WHAT THE TASK REQUIRES
Please copy the data exactly as it stands, minus the images.

DATASET EXTRACT

########################################

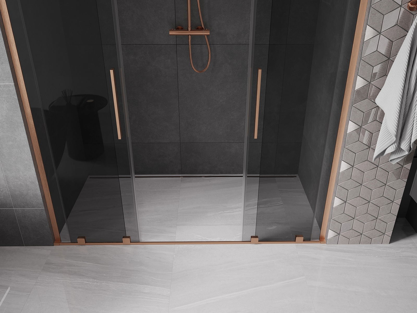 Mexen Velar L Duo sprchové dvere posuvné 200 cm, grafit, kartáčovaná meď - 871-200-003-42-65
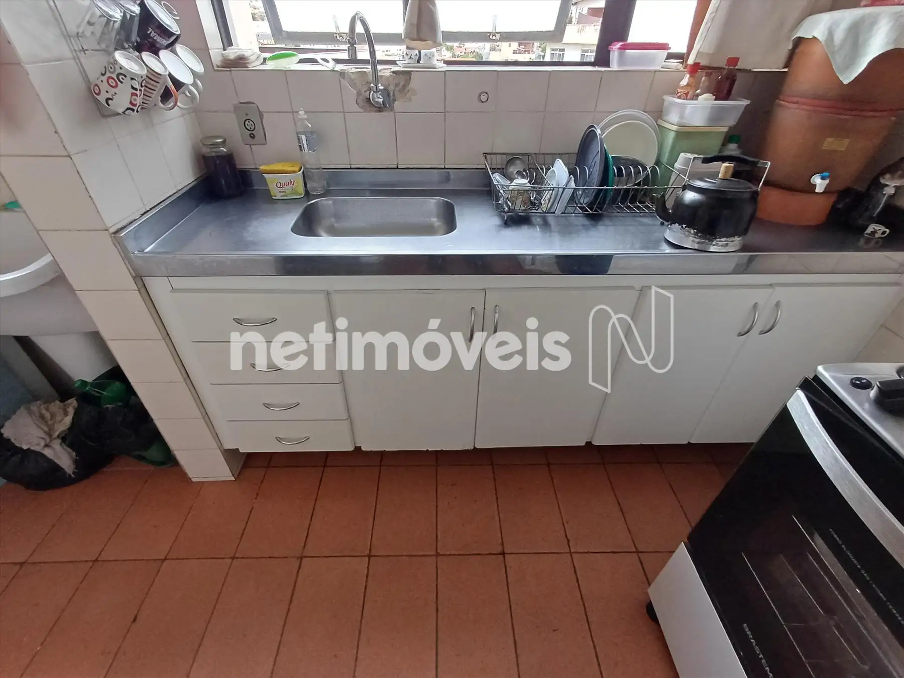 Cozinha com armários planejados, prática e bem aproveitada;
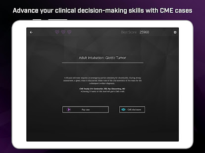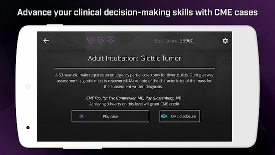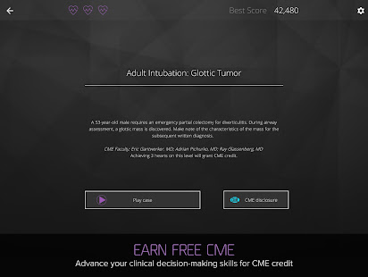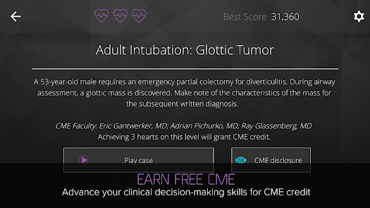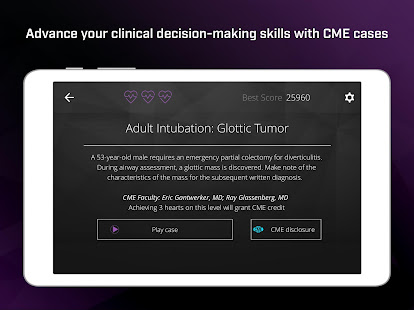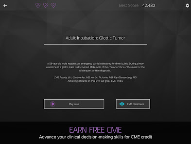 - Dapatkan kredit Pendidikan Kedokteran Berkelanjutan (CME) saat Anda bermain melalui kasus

########################################

RESULT OF THIS EXERCISE
 Mexen Velar L Duo sprchové dvere posuvné 200 cm, grafit, kartáčovaná meď - 871-200-003-42-65
 Cozinha com armários planejados, prática e bem aproveitada;
 - Dapatkan kredit Pendidikan Kedokteran Berkelanjutan (CME) saat Anda bermain melalui kasus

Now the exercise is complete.